Oldgateboatdriver said:
			
		

> The reason for not having them as faculty is the standard labour rule against conflict of interest. How can you be someone basically advocating the opposite to what the institution you work for stands for itself? An analogy would be: As a country, would you employ as one of your diplomats someone who is associated and an exponent of the concept that countries should be abolished and a single world dominion established? In training of your diplomats, exposing them to such a view so they know it and learn how to deal with it is appropriate, but not employment as one of your diplomats. That's all I was saying.



I mean, in defense of Dorn, and to counter your point a bit, "the institution" he works for takes direction from the federal government. The institution he works for stands for whatever the government says it does... If the federal government says that peacekeeping is back, that's kind of the way it breaks - even if it isn't an optimal outcome. 

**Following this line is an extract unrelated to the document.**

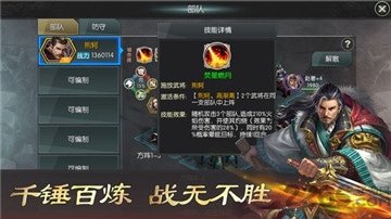 游戏为玩家提供庞大的武将体系,网罗汉末三国数百位历史名将,每一个都是能够独当一面的沙场猛将,每一位武将都有自己的专属技能,配合特色兵种更会产生奇效,此外独特的羁绊系统让武将也可以组合使用,组合在一起,再现“五虎上将”、“五子良将”盛景,爆发超凡威力!
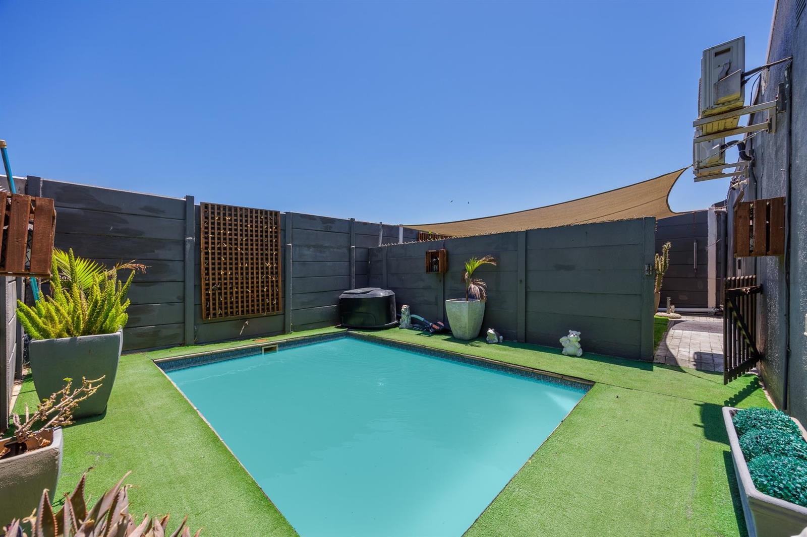 The lounge, leads to a large braairoomentertainment area and has a sliding door which opens to the backyard with covered shadecloth for very hot summer days and a splash pool cordoned off for childrens safety.

As an aside, I'm currently writing a thesis on the CF, COIN and how stupid a return to the peacekeeping paradigm is, so this report has provided me with 72 pages of stuff to criticize. I'm quite happy.


----------



## Journeyman (3 Feb 2016)

E.R. Campbell said:
			
		

> I think some universities hire some professors for similar reasons ~ to have several points of view represented, from outright Marxists to slavish adherents to the Austrian and Ayn Rand schools of thought.

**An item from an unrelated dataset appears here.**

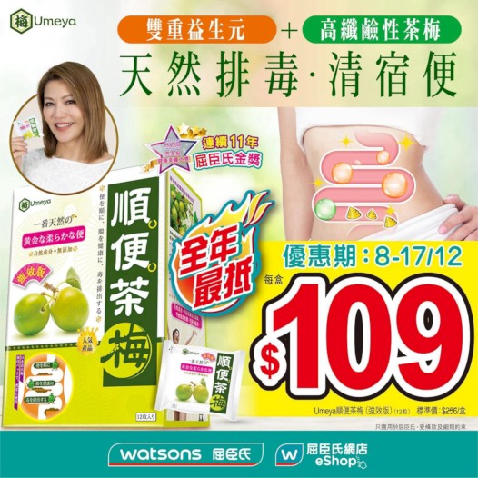 【Umeya順便茶梅】結合雙重益生元+高纖鹼梅青梅 只要每日1粒,100%清宿便 天然排毒 日日痾出黃金便便 連星級用家 #康子妮 都大推!而家嚟屈臣氏買【Umeya順便茶梅】就可享全年最抵優惠 $109/盒* (標準價:$256) ,快啲去屈臣氏掃貨啦

Not that I've seen too often -- there appears to be a strong perception of 'hire only those like _us_.'  

Those Canadian universities that have any appreciable military programs are based on receiving funding via the Security and Defence Forum; the other faculty don't like those 'knuckle-dragging war-mongers,' but it brings in money from the equally-evil, oppressive government.


----------



## jollyjacktar (3 Feb 2016)

Oldgateboatdriver said:
			
		

> I may not have expressed myself correctly here, and for that I apologize.
> 
> My point is not that point of views like Dr. Dorn should not be expressed at various military advanced teaching institutions. They should, but in my view, as visiting lecturers in seminars within the course curriculum, and not as faculty.
> 
> The reason for not having them as faculty is the standard labour rule against conflict of interest. How can you be someone basically advocating the opposite to what the institution you work for stands for itself? An analogy would be: As a country, would you employ as one of your diplomats someone who is associated and an exponent of the concept that countries should be abolished and a single world dominion established? In training of your diplomats, exposing them to such a view so they know it and learn how to deal with it is appropriate, but not employment as one of your diplomats. That's all I was saying.

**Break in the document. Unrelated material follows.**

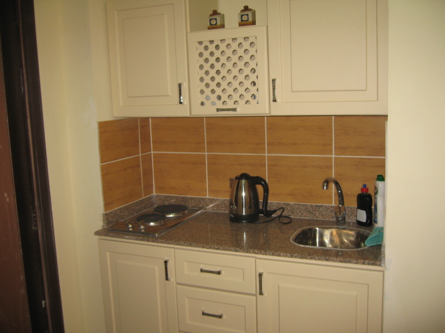 Studio for rent in a new residential complex in Florence Khamsin Beach (Florenza Khamsin Beach) right on the beach in Hurghada. The complex is located in the Arabia area, surrounding hotels - Arabia, Zahabia, El Palacio. Front of the complex at a distance of 20 meters - private beach (now wild, without sunbeds and umbrellas). Have the opportunity to visit the public beach is 400 meters from the complex. The studio is located on the second floor has a view of the outside. The studio is well equipped to stay - there is a large double bed, and an additional two beds - sofa bed. Surround built-in wardrobe, full set of appliances - air conditioning, water heater, television, refrigerator, stove, electric kettle, washing machine. There are dishes, linens, iron. The studio is cozy, clean, brand new. In the courtyard of the complex - spacious grounds with a large swimming pool with children's section, plot of land.

Well, we let the Bloc run as a party and sit in the HoC.  Not to mention their provincial counterparts that are working to undermine the country.


----------



## ArmyRick (3 Feb 2016)

Having read that article, I was kind of not sure the word, same reaction I had to seeing my five year old putting his tobbogan on top of the slide when it was covered in ice and getting ready to use it as a snow board. Not a good idea, not very well thought out or any real thought at all.

Kind of like Mr Dorn's thoughts on "peacekeeping". Or if he is CBCs latest comedian, than woops, I misunderstood the context of the article.

Progression not regression

I was also very disheartened by the comments attached to that article


----------



## CombatDoc (3 Feb 2016)

"Over the past decade, Canada and the Canadian Armed Forces (CAF) have experienced a major decline in training and education for peacekeeping operations (PKOs), also known as peace support operations (PSOs) or simply peace operations. "

An interesting melange of terminology, whereby Prof. Dorn equates PKO = PSO = peace. Certainly in my mind these are three distinct items, and the third (peace) can result from winning at war-fighting.


----------



## PuckChaser (3 Feb 2016)

For a staff college professor, he seems to have never heard of the Three-Block-War concept that I was taught as a young Pte/Cpl in the early 2000s.


----------



## dapaterson (3 Feb 2016)

PuckChaser said:
			
		

> For a staff college professor, he seems to have never heard of the Three-Block-War concept that I was taught as a young Pte/Cpl in the early 2000s.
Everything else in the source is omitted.